De Victoire à Mère Thérèse
Marie-Victoire Couderc naît le 1er février 1805 au Mas de Sablières, un petit hameau isolé de la basse Ardèche en France. Le paysage est grandiose et austère tout à la fois, avec le ciel bleu, la lumière du sud et une terre sèche et aride.

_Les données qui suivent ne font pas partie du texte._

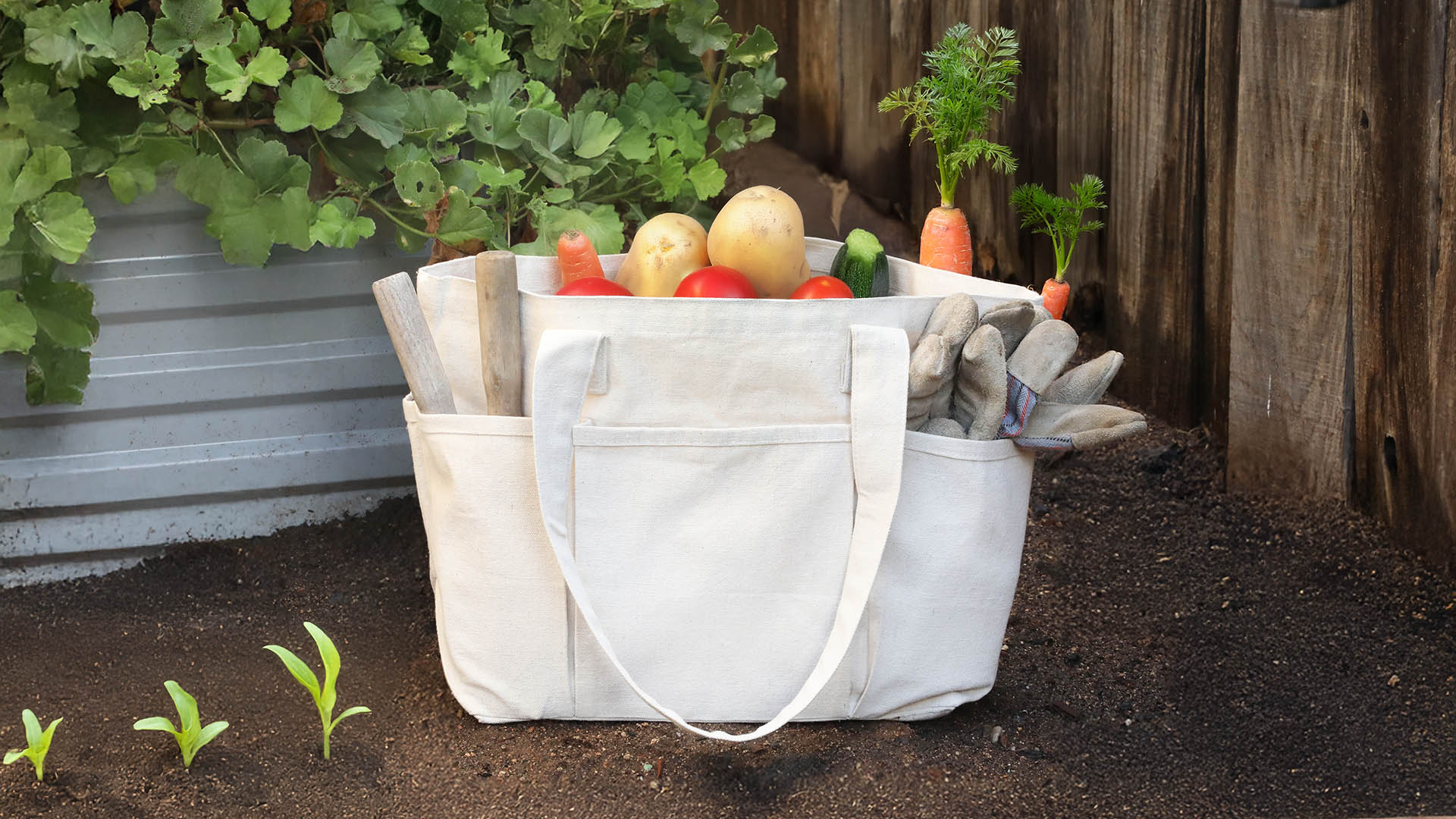 Stay organized while you garden with this durable and eco-friendly bag. Made from 10 oz. recycled cotton, it features six gusseted exterior pockets to hold all your essential tools, spray bottles, sunscreen, and more. The large open main compartment provides ample space for freshly-picked produce straight from the soil. Sturdy 25" handles with reinforced cross stitching make carrying heavy loads easy. Perfect for gardeners who need a reliable, all-in-one tote. Meets FDA requirements.

La famille est nombreuse et plutôt aisée. Marie-Victoire aide sa mère pour les travaux de la maison et s’occupe de ses frères et sœurs. Son père fait venir un instituteur pour donner une bonne formation humaine à ses enfants et aux enfants du village. Plus tard, elle ira en pension pour compléter son éducation.
La foi des parents est solide, enracinée dans cette époque postrévolutionnaire de renouveau et de restauration. Marie-Victoire est baptisée dès le lendemain de sa naissance. Enfant, elle accompagne souvent sa mère pour la messe quotidienne au village. Très tôt, elle pense à devenir religieuse. Elle s’en ouvre au père Terme, un prêtre diocésain qui évangélise les campagnes en prêchant des missions.
Elle a 20 ans quand elle arrive au noviciat des sœurs de Saint Régis, une petite congrégation fondée par le père Terme, vouée à l’enseignement et à la catéchèse des enfants. En 1826, elle prend l’habit religieux et devient sœur Thérèse. Et en 1827, le P. Terme l’appelle à Lalouvesc, avec 2 autres sœurs, pour prendre en charge une nouvelle fondation.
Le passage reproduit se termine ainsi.